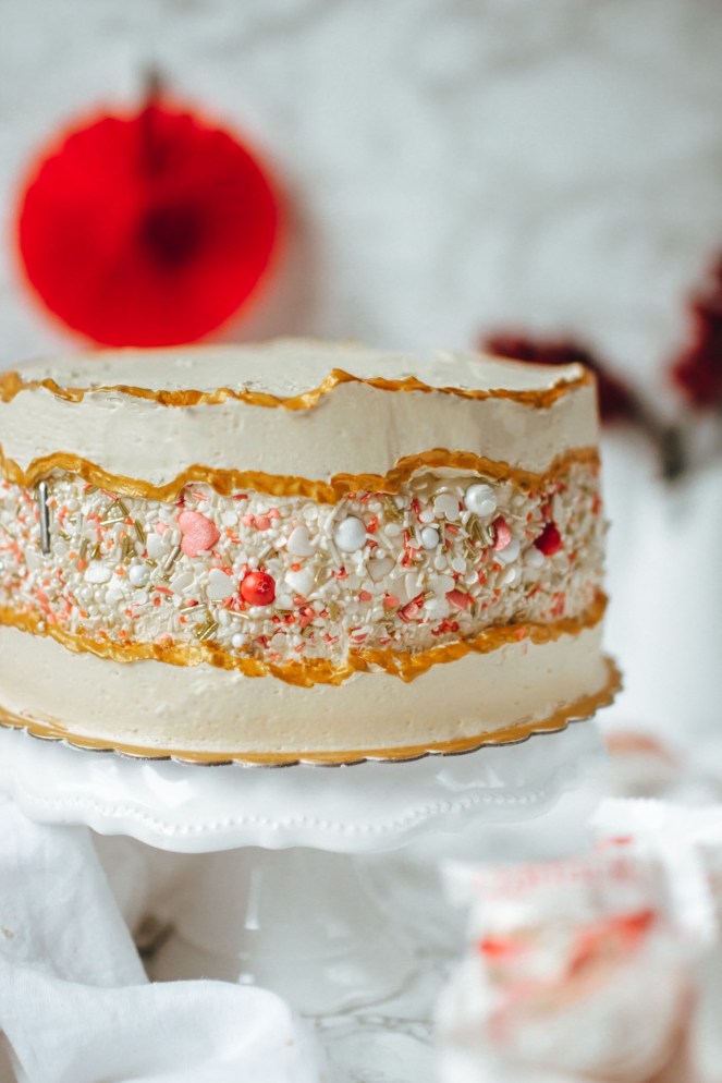 Lege ein Backblech unter die Tortenplatte, sodass die Streusel aufgefangen werden können. Dann mittig die Streusel andrücken & die Torte für weitere 30Min. kühlen.
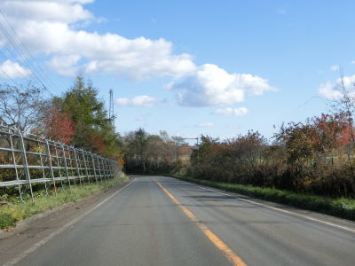 | 牧草地帯になると防雪柵が設置されている。意外に思うかもしれないが北海道内は防雪柵が設置されている区間はさほど多くない。左カーブの先で久著路川に架かる境橋を渡って標茶町に入る。 標茶町に入ってからは緩やかな勾配を下って久著路集落を走る。S字カーブを走っていると北海道r1052交差点を通過する。右折してr1052を南下すると北海道r243を経て北海道r1060で塘路湖に行く事ができる。r1060は釧路湿原の中を通っている区間があり、未舗装ながら平坦で走りやすい道路である。なお、湿原内を通っているため降雨時は通行止になりやすい。 |
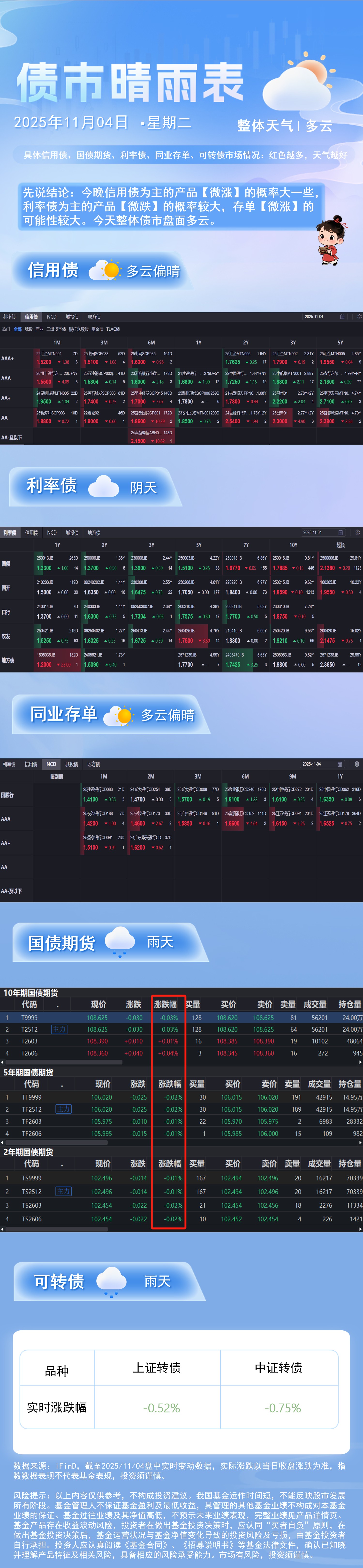 先说结论:今晚信用债为主的产品【微涨】的概率大一些,利率债为主的产品【微跌】的概率较大,存单【微涨】的可能性较大。今天整体债市盘面多云
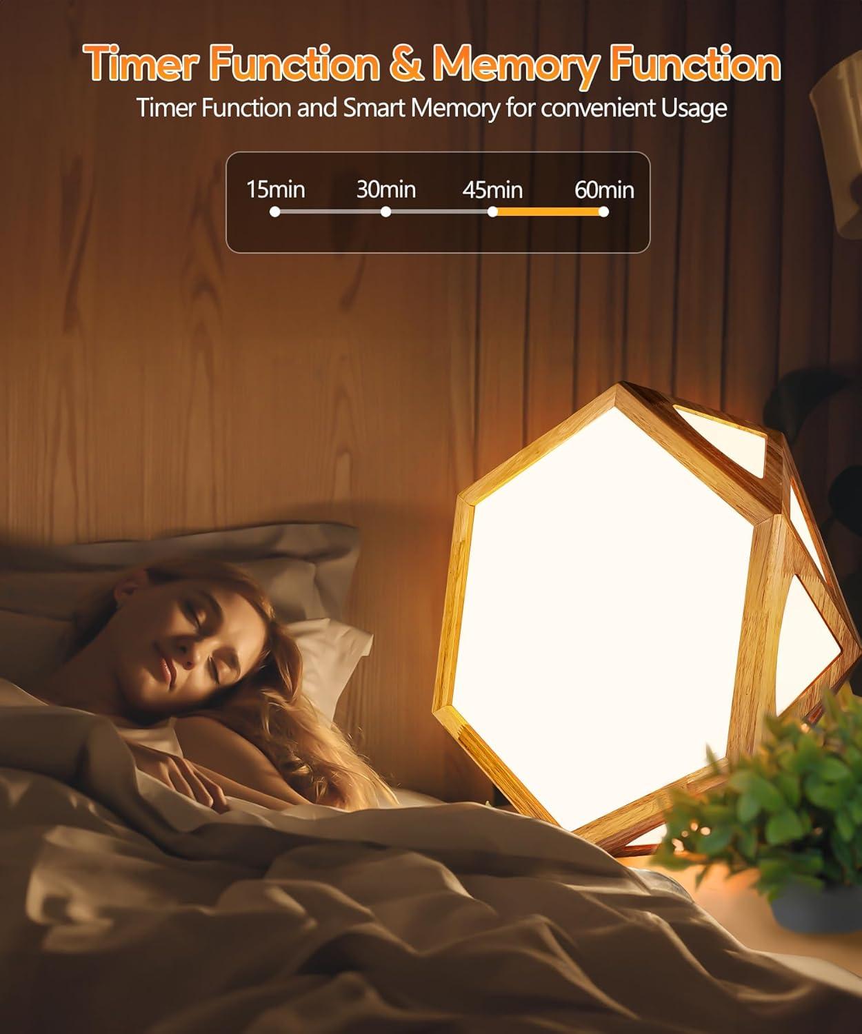4 TIMER SETTINGS AND SMART MEMORY FUNCTION: This sun lamp has 4 optional timers (15/30/45/60 minutes). After the timer is completed, the light will automatically turn off, making it ideal for bedtime readers to set the right lighting time for their needs. Additionally, the built-in intelligent memory function keeps the last best mode by default when the light is turned on the next time
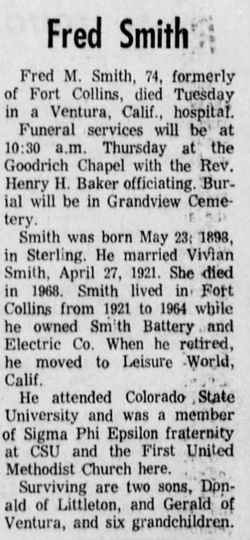 After a trip to Colorado Springs, Mr. and Mrs. Smith will reside in Sterling, where the bridegroom is an electrical engineer. The bride was graduated from the University of Denver and is a member of the Pi Beta Phi sorority. Mr. Smith attended the State Agricultural college and belongs to the Sigma Phi Epsilon fraternity.
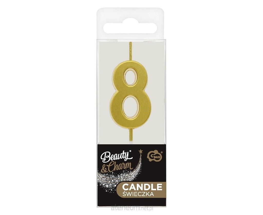 Świeczka cyferka 6 Beauty&Charm metalik złota 8cm
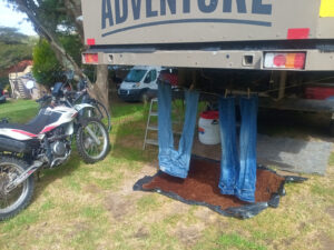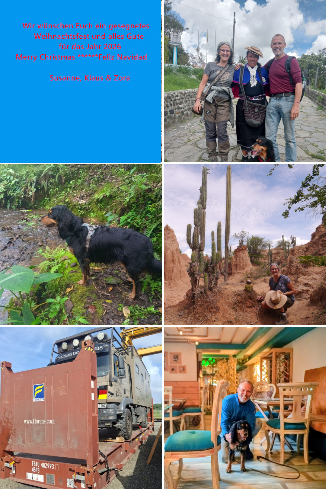 Wieder einmal sind meine Jeans ziemlich mitgenommen und schreien nach der Waschmaschine. Doch vorher bekommen sie eine Einzelbehandlung mit Seife und Bürste. Energie und Wasser sind hier kein Thema und so können wir gut mit unser eigenen Waschmaschine waschen. Susanne fährt mit Elke und Alex zur 35 Kilometer entfernten Stadt Otavalo. Sie wollen dort den Kleidermarkt besuchen. Zora und ich haben von Städten genug und bleiben lieber hier. Es gibt genug zu tun. Da das Wetter etwas sonnig ist kann ich auch gleich neue Kokosfasern für unsere Trenntoilette richten. Es kommt ein kolumbianisches Ehepaar mit Ihrem Hund Bruno. Zora freundet sich gleich mit Ihm an und die beiden spielen schön miteinander. Natürlich bleibt Susannes Marktbesuch nicht ohne Folgen und so schmückt nun eine neue Decke unsere Betten. Zora findet diese große Wolldecke auch Klasse und kuschelt sich darin ein. Um die Jeans zu trocken befestige ich zwei Wäscheleinen unter der Hebebühne. So können sie gut trocknen und werden bei Regen nicht nass. Es ist auch an der Zeit unsere Weihnachtsgrußkarte zu erstellen. Das erledige ich auch gleich mit. Heute haben wir beschlossen wieder für uns zu kochen und nicht unten im Restaurant zu essen. Wir haben noch Schweinekoteletts und dazu gibt es Chayote. Die Chayote schmeckt etwas wie Kohlrabi und wird auch so zubereitet. So kommen nun auch zum ersten Mal unsere neuen Teller zum Einsatz. Nach dem Essen gehen wir runter ins Restaurant und trinken noch ein feines Bier vom Fass. Norbert, Elke u. Axel gesellen sich zu uns. So geht auch dieser Abend in trauter Runde zu Ende. Zora hat mit Bruno getobt und ist müde. Sie liegt gleich in die Koje und schläft schnell tief und fest.

^^^^

- **INSTRUCTIONS TO FOLLOW**
The records, exactly as written but without images, should be returned.

- **FINISHED TASK**
 Lege ein Backblech unter die Tortenplatte, sodass die Streusel aufgefangen werden können. Dann mittig die Streusel andrücken & die Torte für weitere 30Min. kühlen.
 | 牧草地帯になると防雪柵が設置されている。意外に思うかもしれないが北海道内は防雪柵が設置されている区間はさほど多くない。左カーブの先で久著路川に架かる境橋を渡って標茶町に入る。 標茶町に入ってからは緩やかな勾配を下って久著路集落を走る。S字カーブを走っていると北海道r1052交差点を通過する。右折してr1052を南下すると北海道r243を経て北海道r1060で塘路湖に行く事ができる。r1060は釧路湿原の中を通っている区間があり、未舗装ながら平坦で走りやすい道路である。なお、湿原内を通っているため降雨時は通行止になりやすい。 |
 先说结论:今晚信用债为主的产品【微涨】的概率大一些,利率债为主的产品【微跌】的概率较大,存单【微涨】的可能性较大。今天整体债市盘面多云
4 TIMER SETTINGS AND SMART MEMORY FUNCTION: This sun lamp has 4 optional timers (15/30/45/60 minutes). After the timer is completed, the light will automatically turn off, making it ideal for bedtime readers to set the right lighting time for their needs. Additionally, the built-in intelligent memory function keeps the last best mode by default when the light is turned on the next time
 After a trip to Colorado Springs, Mr. and Mrs. Smith will reside in Sterling, where the bridegroom is an electrical engineer. The bride was graduated from the University of Denver and is a member of the Pi Beta Phi sorority. Mr. Smith attended the State Agricultural college and belongs to the Sigma Phi Epsilon fraternity.
 Świeczka cyferka 6 Beauty&Charm metalik złota 8cm
 Wieder einmal sind meine Jeans ziemlich mitgenommen und schreien nach der Waschmaschine. Doch vorher bekommen sie eine Einzelbehandlung mit Seife und Bürste. Energie und Wasser sind hier kein Thema und so können wir gut mit unser eigenen Waschmaschine waschen. Susanne fährt mit Elke und Alex zur 35 Kilometer entfernten Stadt Otavalo. Sie wollen dort den Kleidermarkt besuchen. Zora und ich haben von Städten genug und bleiben lieber hier. Es gibt genug zu tun. Da das Wetter etwas sonnig ist kann ich auch gleich neue Kokosfasern für unsere Trenntoilette richten. Es kommt ein kolumbianisches Ehepaar mit Ihrem Hund Bruno. Zora freundet sich gleich mit Ihm an und die beiden spielen schön miteinander. Natürlich bleibt Susannes Marktbesuch nicht ohne Folgen und so schmückt nun eine neue Decke unsere Betten. Zora findet diese große Wolldecke auch Klasse und kuschelt sich darin ein. Um die Jeans zu trocken befestige ich zwei Wäscheleinen unter der Hebebühne. So können sie gut trocknen und werden bei Regen nicht nass. Es ist auch an der Zeit unsere Weihnachtsgrußkarte zu erstellen. Das erledige ich auch gleich mit. Heute haben wir beschlossen wieder für uns zu kochen und nicht unten im Restaurant zu essen. Wir haben noch Schweinekoteletts und dazu gibt es Chayote. Die Chayote schmeckt etwas wie Kohlrabi und wird auch so zubereitet. So kommen nun auch zum ersten Mal unsere neuen Teller zum Einsatz. Nach dem Essen gehen wir runter ins Restaurant und trinken noch ein feines Bier vom Fass. Norbert, Elke u. Axel gesellen sich zu uns. So geht auch dieser Abend in trauter Runde zu Ende. Zora hat mit Bruno getobt und ist müde. Sie liegt gleich in die Koje und schläft schnell tief und fest.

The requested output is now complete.